The Fontan procedure is a palliative strategy for patients with single-ventricle circulation. However, its inherent limitations and deficits are becoming apparent as more and more patients are present with failing Fontan physiology.6 Patients with Fontan failure can develop progressive functional impairment, such as gradual systolic and diastolic ventricular dysfunction.10

There is a need to increase the understanding of ventricular function and physiology of Fontan patients to improve therapeutic approaches in the future. It is well known that intraventricular hemodynamics play a central role for the description of ventricular function.25, 36

Many studies have been performed over the years to investigate fluid dynamics in the heart and especially in the left ventricle. Among these studies, in vivo studies with imaging techniques (ultrasound and MRI), in vitro experiments with particle image velocimety (PIV), as well as numerical simulations have been performed.7, 9, 27

Recent studies aimed to perform flow simulations using a moving mesh method or fluid-structure interaction (FSI). As flow is strongly influenced by the motion and shape of the heart, these methods are expected to provide a more realistic representation of blood flow within ventricles. In the moving mesh method, ventricular wall motion is captured patient-specifically by imaging techniques and integrated as a boundary condition in CFD flow simulations.3, 23, 33 A central aspect of such studies is the investigation and evaluation of vortex formation within the ventricles.2, 11 Furthermore, flow analyses focus on quantitative flow energetics and blood transit properties.22, 27, 33 For instance, the study by Loke et al.21 has shown that vorticity and energy loss are correlated to right ventricular dysfunction in Tetralogy of Fallot patients using 4D flow MRI. The same group also used CFD simulations based on cardiac MRI data to further investigate flow parameters in this patient cohort.20

A few recent studies have focused on the UVH and flow imaging. Rutkowski et al.26 observed differences in kinetic energy between ventricles of Fontan patients and healthy volunteers through 4D flow MRI. Wong et al. analysed through 4D MRI the flows and kinetic energies in moving singular ventricles.36 Finally, the study by Sjöberg et al.31 determined lower diastolic ventricular kinetic energies in patients with Fontan circulation with 4D flow MRI as well. A combination of echocardiography and computational fluid dynamics (CFD) simulations was used by Chen et al.5. Real-time 3D echocardiography is a commonly used method for recording ventricular motion because it allows examination of patients with less discomfort and in less time compared to other imaging methods.3

The pathological SRV and the healthy LV both have to transport blood through the systemic circulation. Therefore, it was assumed in Chen et al.5 that the cardiac performance for both ventricles should be in the same range.
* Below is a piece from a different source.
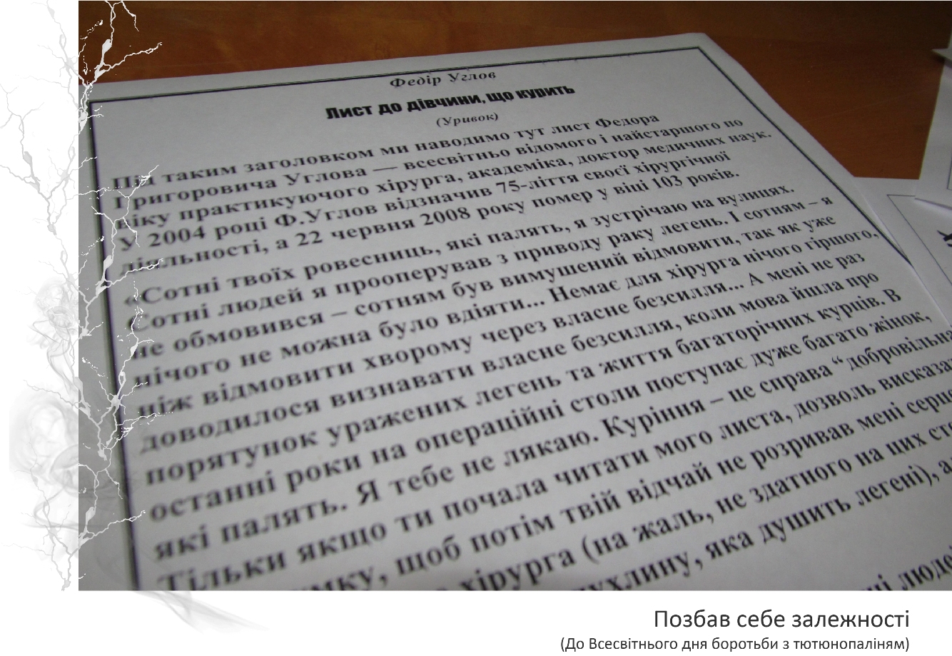 Позбав себе залежності (До Всесвітнього дня боротьби з тютюнопаліням)

The findings of this study underline that 3D modeling based on echocardiography is suitable to represent the morphological and functional abnormalities in the SRV during the cardiac cycle. Furthermore, CFD can detect abnormal flow patterns and vortices in the SRV compared with healthy LV. A limitation of Chen et al. was the consideration of three characteristic time steps throughout the diastole and steady-state simulations at these time points. In our study we expand the work by integrating ventricular motion into CFD analyses of healthy subjects (LV) and SRV from Fontan patients. We hypothesize that there are differences in fluid dynamic markers between these two groups.

Materials and Methods

Data Acquisition

Time-discrete ventricular volumes of five patients with single right ventricle (SRV) circulation and two subjects with healthy left ventricle (LV) were acquired from transthoraxic real-time 3D-echocardiography measurements performed at the University Hospital Bonn (UKB). The ultra-sound device iE33 (Philips Medical Systems, Andover, US, transducer X5-1) was used to record the volumetric shape of the ventricle over one cardiac cycle. Between 12 and 28 frames per heartbeat were recorded. The study was approved by the local ethics institutional review committee (Registration No. 226/06 and No. 007/15) and conformed to the principles of the Declaration of Helsinki as well as German law.

The SRV group was selected from data of Linden et al. and represent different ages, end-diastolic volumes (EDV), and ejection fractions (EF).19 The LV patients were selected from Krell et al. and represent small (pediatric) ventricles with EDV 40–60 mL.14 Table 1 summarizes the patient data used in this study.

Table 1 Clinical data for pathological univentricular heart (SRV) and healthy heart (LV) subjects (EDV 3D-end diastolic volume, bpm beats per minute, EF 3D-ejection fraction).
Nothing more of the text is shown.